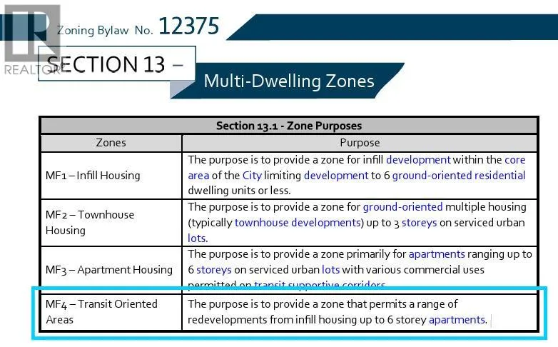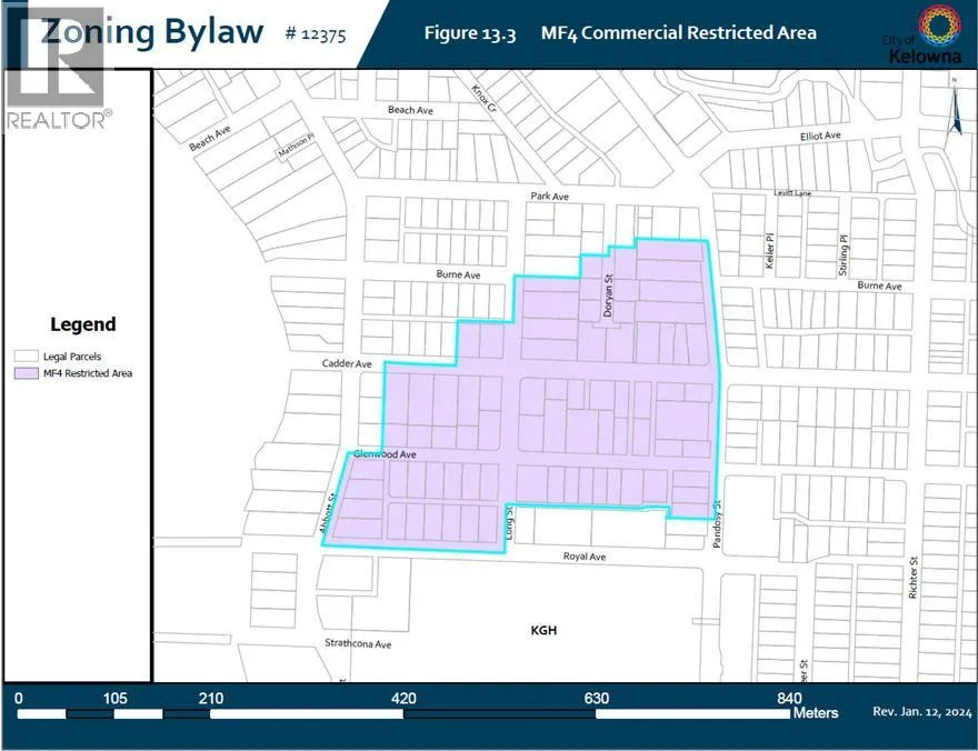 Developer and Investor Alert! Prime Transit-oriented Multi-family Development Site just 300 meters from Kelowna General Hospital. This rare 0.45-acre site is ideally located within the Hospital Transit Oriented Area, the property is zoned MF4 â Transit Oriented Areas with future land use designation Core Area â Health District (C-HTH). Zoning supports multi-unit residential development up to approximately 6 storeys with a base FAR of 2.5 and potential for bonus density, and is exempt from minimum parking requirements under the Zoning Bylaw, offering valuable flexibility for developers. Walking distance to beaches, City Park, Downtown, schools, and the Abbott Street Active Transportation Corridor, and only minutes to the South Pandosy Urban Centre, Okanagan College, major shopping centres, future UBCO Downtown Campus. This is a rare opportunity in a high-demand location with strong fundamentals and outstanding long-term growth potential! Measurements are approximate and should be independently verified. Buyers are responsible for confirming all information and conducting their own due diligence. (id:27476)
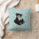 La décoration de la chambre du bébé Sweet met l'accent sur l'oreiller jeté dans un motif en quatrefoil blanc et aqua, avec des graphiques d'un mignon ours en peluche marron foncé. Customisez d'ajouter tout texte que vous voulez à cet adorable coussin. Produits correspondants disponibles.
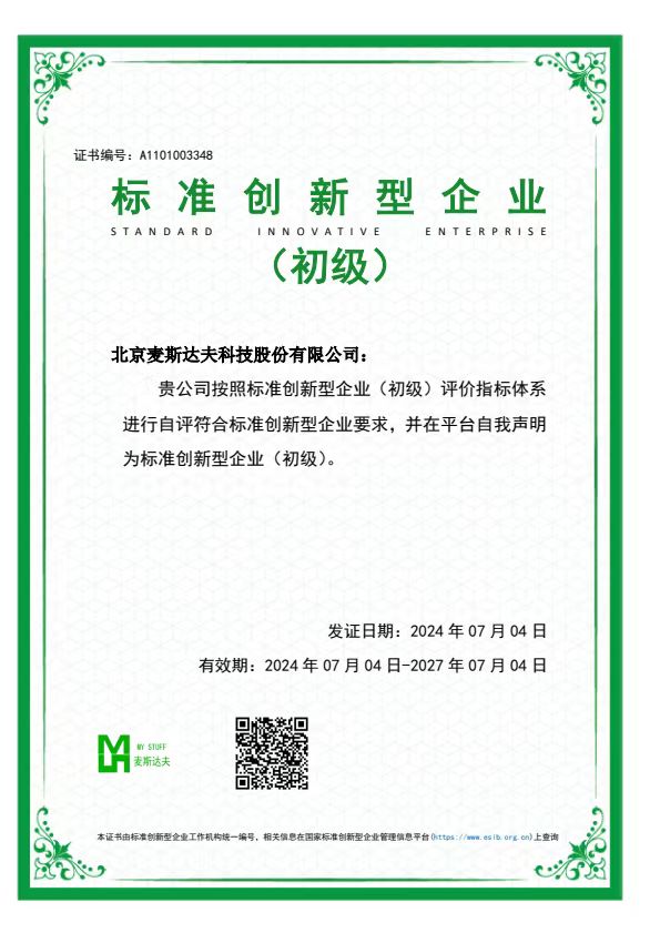 北京麥斯達夫科技股份有限公司獲評標準創(chuàng)新型企業(yè)
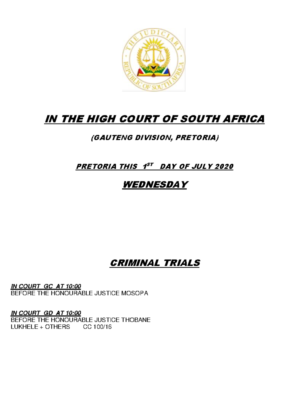 103 IN THE HIGH COURT OF SOUTH AFRICA (GAUTENG DIVISION, PRETORIA) PRETORIA THIS 1 ST DAY OF
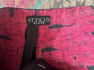 Pantaloncini shorts modello bermuda della Atticus Black, color nero. Un capo iconico per gli amanti dello stile skate, punk-rock e dei brand storici della scena alternativa. Punti forti: Design: Nero classico con l'inconfondibile logo Atticus (l'uccellino a testa in giù) su patch triangolare rossa cucita sul retro. Dettagli Interni: Fodera della vita e delle tasche in rosso acceso con pattern grafico Atticus a contrasto (molto bello da vedere anche se nascosto). Taglia: 48 Italiana (33 US). Materiale: Twill di cotone robusto. Condizioni: Il capo è in condizioni discrete/buone. Presenta i normali segni di usura dovuti al tempo, come un naturale e leggero scolorimento del nero (effetto vintage) e del pilling (piccoli pallini) sulla fodera interna rossa, che non ne pregiudicano l'utilizzo o l'estetica esterna. Prezzo ribassato per questi motivi. Misure (in piano): Vita: 42-43 cm circa. Spedizione rapida e imballaggio curato
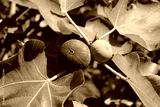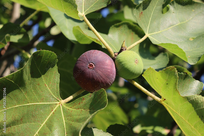 Ripe purple figs on branch in the garden. Ficus carica tree on summer
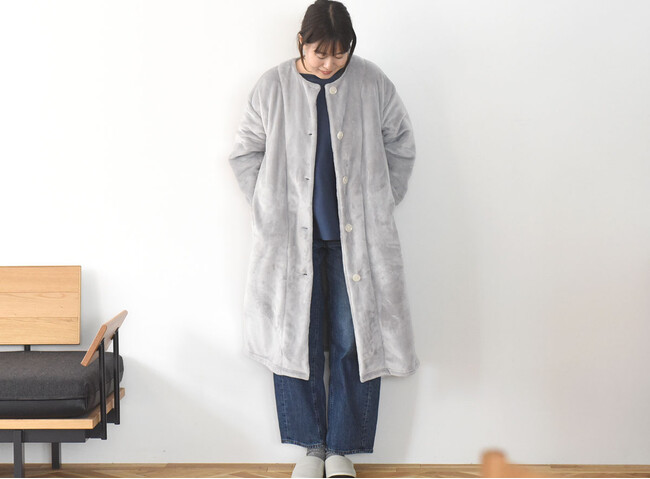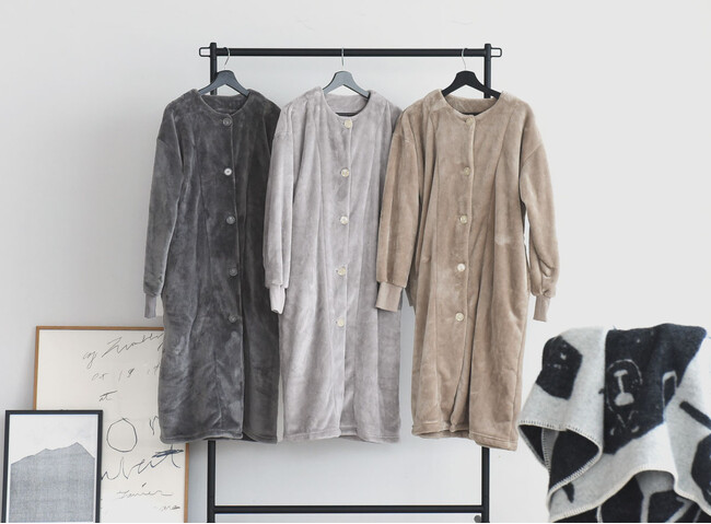 1枚着るだけで、毛布に包まれるあたたかさをずっと感じられるガウンは、冬の寒さ対策だけでなく、暖房費の節約などエコにも◎。

# Task:
A word-for-word transcription of the entries above, free of images, is what is wanted.

# Task solution:
 Developer and Investor Alert! Prime Transit-oriented Multi-family Development Site just 300 meters from Kelowna General Hospital. This rare 0.45-acre site is ideally located within the Hospital Transit Oriented Area, the property is zoned MF4 â Transit Oriented Areas with future land use designation Core Area â Health District (C-HTH). Zoning supports multi-unit residential development up to approximately 6 storeys with a base FAR of 2.5 and potential for bonus density, and is exempt from minimum parking requirements under the Zoning Bylaw, offering valuable flexibility for developers. Walking distance to beaches, City Park, Downtown, schools, and the Abbott Street Active Transportation Corridor, and only minutes to the South Pandosy Urban Centre, Okanagan College, major shopping centres, future UBCO Downtown Campus. This is a rare opportunity in a high-demand location with strong fundamentals and outstanding long-term growth potential! Measurements are approximate and should be independently verified. Buyers are responsible for confirming all information and conducting their own due diligence. (id:27476)
 La décoration de la chambre du bébé Sweet met l'accent sur l'oreiller jeté dans un motif en quatrefoil blanc et aqua, avec des graphiques d'un mignon ours en peluche marron foncé. Customisez d'ajouter tout texte que vous voulez à cet adorable coussin. Produits correspondants disponibles.
 北京麥斯達夫科技股份有限公司獲評標準創(chuàng)新型企業(yè)
 103 IN THE HIGH COURT OF SOUTH AFRICA (GAUTENG DIVISION, PRETORIA) PRETORIA THIS 1 ST DAY OF
 Pantaloncini shorts modello bermuda della Atticus Black, color nero. Un capo iconico per gli amanti dello stile skate, punk-rock e dei brand storici della scena alternativa. Punti forti: Design: Nero classico con l'inconfondibile logo Atticus (l'uccellino a testa in giù) su patch triangolare rossa cucita sul retro. Dettagli Interni: Fodera della vita e delle tasche in rosso acceso con pattern grafico Atticus a contrasto (molto bello da vedere anche se nascosto). Taglia: 48 Italiana (33 US). Materiale: Twill di cotone robusto. Condizioni: Il capo è in condizioni discrete/buone. Presenta i normali segni di usura dovuti al tempo, come un naturale e leggero scolorimento del nero (effetto vintage) e del pilling (piccoli pallini) sulla fodera interna rossa, che non ne pregiudicano l'utilizzo o l'estetica esterna. Prezzo ribassato per questi motivi. Misure (in piano): Vita: 42-43 cm circa. Spedizione rapida e imballaggio curato
 Ripe purple figs on branch in the garden. Ficus carica tree on summer
 1枚着るだけで、毛布に包まれるあたたかさをずっと感じられるガウンは、冬の寒さ対策だけでなく、暖房費の節約などエコにも◎。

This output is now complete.